Last month, the ACLU released a report on the use of cell site data by law enforcement. Click here for my earlier post.

Tuesday, May 15, 2012

NY state senator proposes altering child porn bill to include viewing

In response to the recent New York high court ruling (discussed here) that viewing online child pornography is not alone possession, a New York state senator has introduced legislation to modify the state statute.

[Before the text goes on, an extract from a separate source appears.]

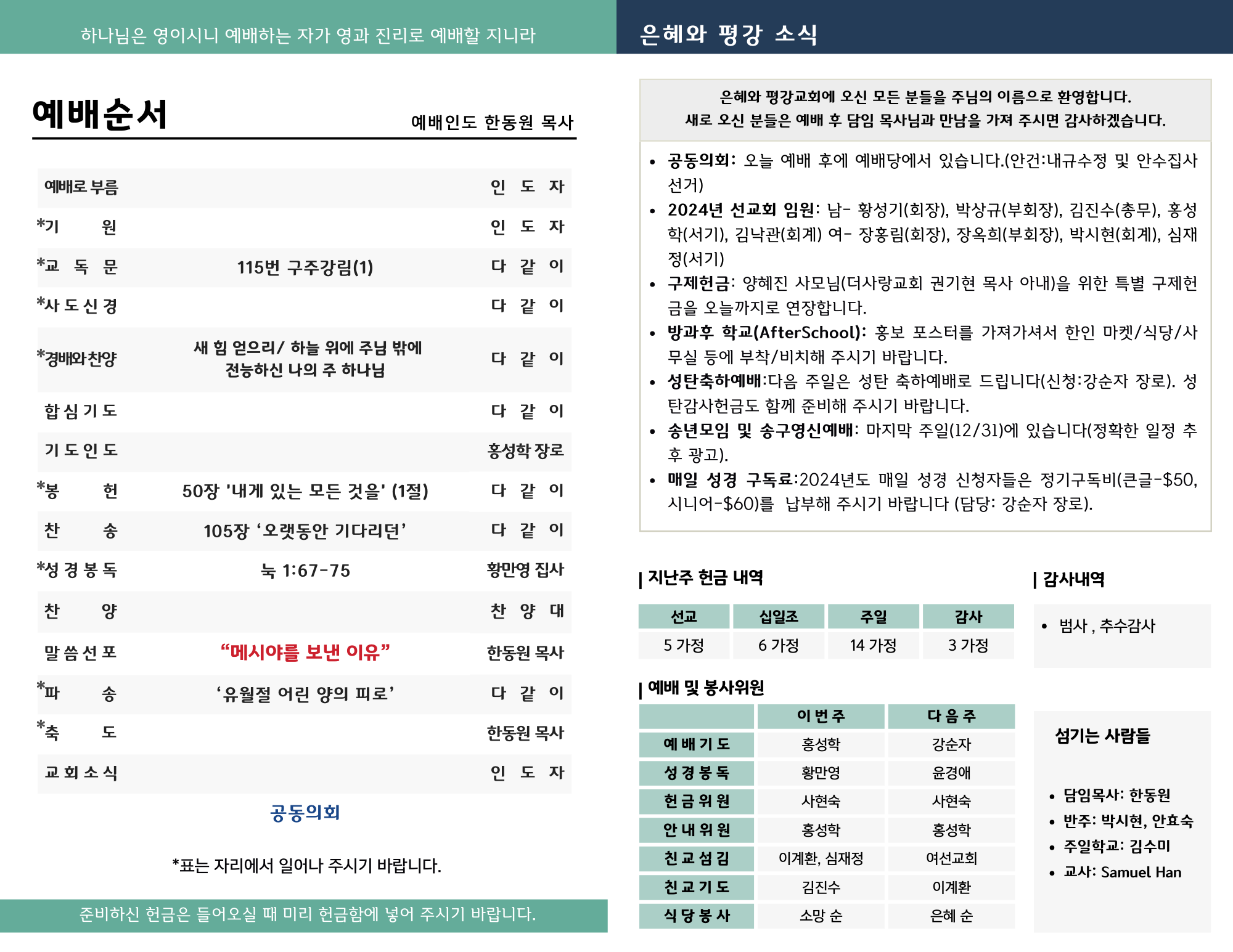 - 매일 성경 구독료:2024년도 매일 성경 신청자들은 정기구독비(큰글-$50, 시니어-$60)를 납부해 주시기 바랍니다 (담당: 강순자 장로)

In the senator's press release titled "New York Must Close Loophole That Protects Perverts," he noted:
Senator [Martin] Golden’s legislation seeks to amend the law, that currently makes it a crime to possess an obscene sexual performance by a child, to also include knowingly accessing such material with intent to view.
The bill, available here, modifies the statute to include the language "knowingly accesses with intent to view" under the crime of possessing a sexual performance by a child.

Georgia court holds that "My Pictures" folder falls within the scope of warrant for drug records

In Henson v. State, 723 S.E.2d 456 (Ga. Ct. App. 2012) a Georgia appellate court held that an officer did not exceed the scope of a warrant issued to find evidence of drug distribution when the officer looked in the defendant's "My Pictures" folder. The officer was searching the defendant's residence lawfully when he came upon the defendant's computer which was in his room and turned on. It appears from the facts of the case that the only thing the officer did was go to the Start Menu, click on "My Pictures," review a few thumbnails, and he ended up discovering child pornography. At that time, he stopped obtained a second warrant which later revealed a large amount of child pornography.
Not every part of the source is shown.